## What is being asked:
Copy out every entry that follows, without a single picture.

Supplied material: Begin

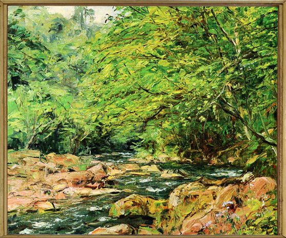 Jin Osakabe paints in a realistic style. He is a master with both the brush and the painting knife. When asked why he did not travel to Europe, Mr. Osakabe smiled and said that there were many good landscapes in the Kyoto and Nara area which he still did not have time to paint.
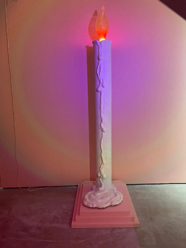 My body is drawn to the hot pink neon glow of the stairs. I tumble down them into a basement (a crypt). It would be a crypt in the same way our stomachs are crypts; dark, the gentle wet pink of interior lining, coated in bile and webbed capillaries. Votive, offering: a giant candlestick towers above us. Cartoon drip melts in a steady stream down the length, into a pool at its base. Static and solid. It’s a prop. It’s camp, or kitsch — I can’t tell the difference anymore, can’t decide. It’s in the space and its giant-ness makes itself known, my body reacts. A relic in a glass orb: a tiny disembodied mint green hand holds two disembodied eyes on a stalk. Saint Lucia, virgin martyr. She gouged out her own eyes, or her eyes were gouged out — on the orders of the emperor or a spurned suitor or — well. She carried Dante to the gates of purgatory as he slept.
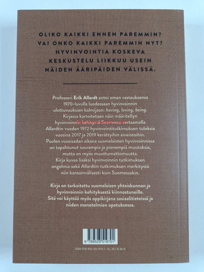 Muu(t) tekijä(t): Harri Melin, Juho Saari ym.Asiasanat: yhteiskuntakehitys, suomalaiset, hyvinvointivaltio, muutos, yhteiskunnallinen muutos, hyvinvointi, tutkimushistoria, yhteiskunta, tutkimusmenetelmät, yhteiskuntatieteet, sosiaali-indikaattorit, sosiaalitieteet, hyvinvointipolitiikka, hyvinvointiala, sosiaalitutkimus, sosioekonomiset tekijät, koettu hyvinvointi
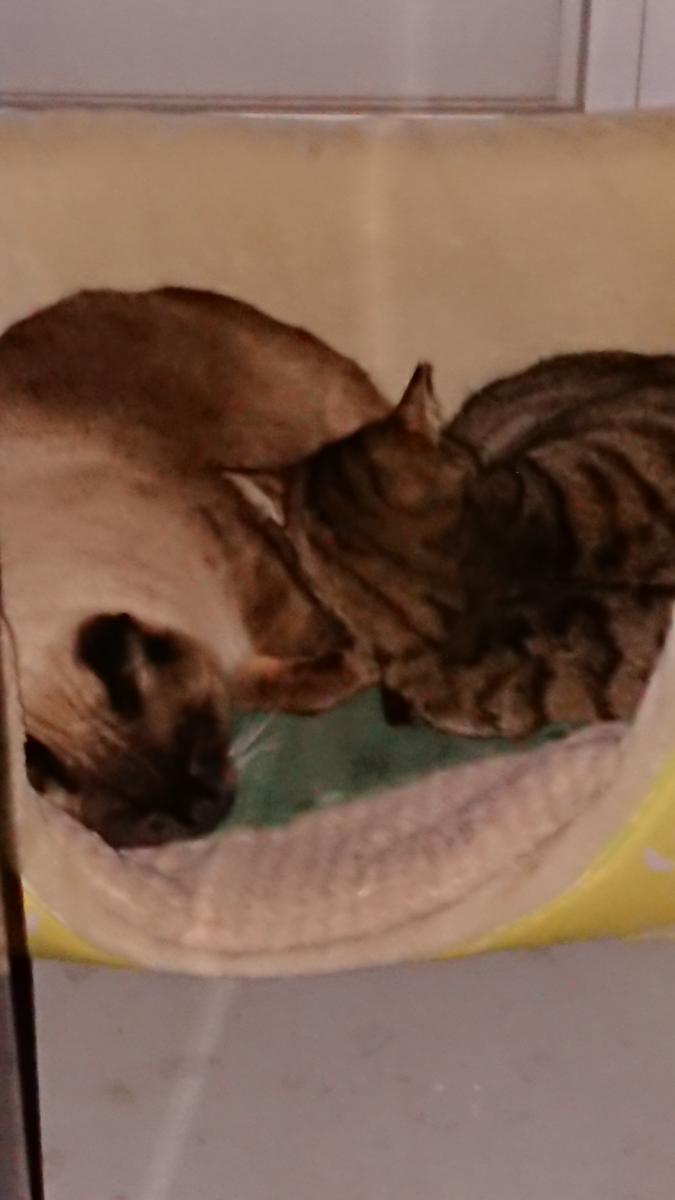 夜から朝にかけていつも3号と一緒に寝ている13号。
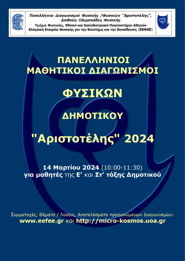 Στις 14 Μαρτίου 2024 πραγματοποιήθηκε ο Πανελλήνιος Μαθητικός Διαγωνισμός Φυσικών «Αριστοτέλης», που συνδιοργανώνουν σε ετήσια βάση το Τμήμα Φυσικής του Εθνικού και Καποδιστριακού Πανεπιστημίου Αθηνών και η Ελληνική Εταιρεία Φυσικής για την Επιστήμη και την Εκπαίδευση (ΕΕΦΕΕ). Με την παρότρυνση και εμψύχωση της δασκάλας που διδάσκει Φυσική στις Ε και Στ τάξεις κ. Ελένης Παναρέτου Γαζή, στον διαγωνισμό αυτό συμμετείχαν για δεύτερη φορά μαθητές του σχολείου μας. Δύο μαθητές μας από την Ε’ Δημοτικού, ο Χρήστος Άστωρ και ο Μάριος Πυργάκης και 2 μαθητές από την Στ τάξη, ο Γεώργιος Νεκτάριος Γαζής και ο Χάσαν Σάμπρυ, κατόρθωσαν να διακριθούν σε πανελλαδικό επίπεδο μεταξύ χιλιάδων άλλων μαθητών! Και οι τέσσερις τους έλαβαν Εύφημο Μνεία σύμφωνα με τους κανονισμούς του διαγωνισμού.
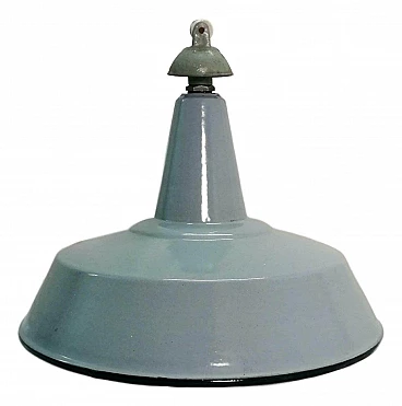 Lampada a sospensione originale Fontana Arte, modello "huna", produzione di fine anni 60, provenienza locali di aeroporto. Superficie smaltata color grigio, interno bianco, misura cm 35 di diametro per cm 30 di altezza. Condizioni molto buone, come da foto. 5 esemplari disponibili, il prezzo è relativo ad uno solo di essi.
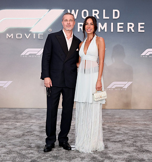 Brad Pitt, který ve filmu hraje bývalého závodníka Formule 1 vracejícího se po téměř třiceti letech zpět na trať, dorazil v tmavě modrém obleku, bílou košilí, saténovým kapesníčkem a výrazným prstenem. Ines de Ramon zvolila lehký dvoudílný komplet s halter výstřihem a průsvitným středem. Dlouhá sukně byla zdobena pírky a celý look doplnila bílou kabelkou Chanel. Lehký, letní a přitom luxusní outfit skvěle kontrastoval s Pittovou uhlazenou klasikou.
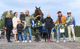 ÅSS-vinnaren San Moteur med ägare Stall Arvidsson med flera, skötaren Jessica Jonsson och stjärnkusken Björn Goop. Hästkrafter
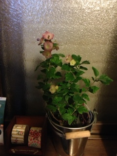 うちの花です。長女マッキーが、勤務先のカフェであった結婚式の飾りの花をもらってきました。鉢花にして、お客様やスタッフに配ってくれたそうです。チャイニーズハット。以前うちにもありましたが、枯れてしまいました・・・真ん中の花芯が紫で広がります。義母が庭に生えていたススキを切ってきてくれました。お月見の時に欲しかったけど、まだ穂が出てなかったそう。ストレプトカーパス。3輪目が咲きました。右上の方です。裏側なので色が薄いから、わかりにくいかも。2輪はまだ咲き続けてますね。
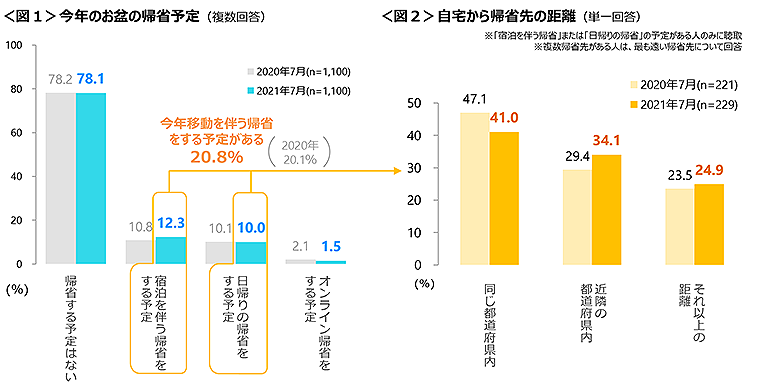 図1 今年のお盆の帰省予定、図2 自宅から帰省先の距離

Supplied material: End

## Solution to the exercise:
 Jin Osakabe paints in a realistic style. He is a master with both the brush and the painting knife. When asked why he did not travel to Europe, Mr. Osakabe smiled and said that there were many good landscapes in the Kyoto and Nara area which he still did not have time to paint.
 My body is drawn to the hot pink neon glow of the stairs. I tumble down them into a basement (a crypt). It would be a crypt in the same way our stomachs are crypts; dark, the gentle wet pink of interior lining, coated in bile and webbed capillaries. Votive, offering: a giant candlestick towers above us. Cartoon drip melts in a steady stream down the length, into a pool at its base. Static and solid. It’s a prop. It’s camp, or kitsch — I can’t tell the difference anymore, can’t decide. It’s in the space and its giant-ness makes itself known, my body reacts. A relic in a glass orb: a tiny disembodied mint green hand holds two disembodied eyes on a stalk. Saint Lucia, virgin martyr. She gouged out her own eyes, or her eyes were gouged out — on the orders of the emperor or a spurned suitor or — well. She carried Dante to the gates of purgatory as he slept.
 Muu(t) tekijä(t): Harri Melin, Juho Saari ym.Asiasanat: yhteiskuntakehitys, suomalaiset, hyvinvointivaltio, muutos, yhteiskunnallinen muutos, hyvinvointi, tutkimushistoria, yhteiskunta, tutkimusmenetelmät, yhteiskuntatieteet, sosiaali-indikaattorit, sosiaalitieteet, hyvinvointipolitiikka, hyvinvointiala, sosiaalitutkimus, sosioekonomiset tekijät, koettu hyvinvointi
 夜から朝にかけていつも3号と一緒に寝ている13号。
 Στις 14 Μαρτίου 2024 πραγματοποιήθηκε ο Πανελλήνιος Μαθητικός Διαγωνισμός Φυσικών «Αριστοτέλης», που συνδιοργανώνουν σε ετήσια βάση το Τμήμα Φυσικής του Εθνικού και Καποδιστριακού Πανεπιστημίου Αθηνών και η Ελληνική Εταιρεία Φυσικής για την Επιστήμη και την Εκπαίδευση (ΕΕΦΕΕ). Με την παρότρυνση και εμψύχωση της δασκάλας που διδάσκει Φυσική στις Ε και Στ τάξεις κ. Ελένης Παναρέτου Γαζή, στον διαγωνισμό αυτό συμμετείχαν για δεύτερη φορά μαθητές του σχολείου μας. Δύο μαθητές μας από την Ε’ Δημοτικού, ο Χρήστος Άστωρ και ο Μάριος Πυργάκης και 2 μαθητές από την Στ τάξη, ο Γεώργιος Νεκτάριος Γαζής και ο Χάσαν Σάμπρυ, κατόρθωσαν να διακριθούν σε πανελλαδικό επίπεδο μεταξύ χιλιάδων άλλων μαθητών! Και οι τέσσερις τους έλαβαν Εύφημο Μνεία σύμφωνα με τους κανονισμούς του διαγωνισμού.
 Lampada a sospensione originale Fontana Arte, modello "huna", produzione di fine anni 60, provenienza locali di aeroporto. Superficie smaltata color grigio, interno bianco, misura cm 35 di diametro per cm 30 di altezza. Condizioni molto buone, come da foto. 5 esemplari disponibili, il prezzo è relativo ad uno solo di essi.
 Brad Pitt, který ve filmu hraje bývalého závodníka Formule 1 vracejícího se po téměř třiceti letech zpět na trať, dorazil v tmavě modrém obleku, bílou košilí, saténovým kapesníčkem a výrazným prstenem. Ines de Ramon zvolila lehký dvoudílný komplet s halter výstřihem a průsvitným středem. Dlouhá sukně byla zdobena pírky a celý look doplnila bílou kabelkou Chanel. Lehký, letní a přitom luxusní outfit skvěle kontrastoval s Pittovou uhlazenou klasikou.
 ÅSS-vinnaren San Moteur med ägare Stall Arvidsson med flera, skötaren Jessica Jonsson och stjärnkusken Björn Goop. Hästkrafter
 うちの花です。長女マッキーが、勤務先のカフェであった結婚式の飾りの花をもらってきました。鉢花にして、お客様やスタッフに配ってくれたそうです。チャイニーズハット。以前うちにもありましたが、枯れてしまいました・・・真ん中の花芯が紫で広がります。義母が庭に生えていたススキを切ってきてくれました。お月見の時に欲しかったけど、まだ穂が出てなかったそう。ストレプトカーパス。3輪目が咲きました。右上の方です。裏側なので色が薄いから、わかりにくいかも。2輪はまだ咲き続けてますね。
 図1 今年のお盆の帰省予定、図2 自宅から帰省先の距離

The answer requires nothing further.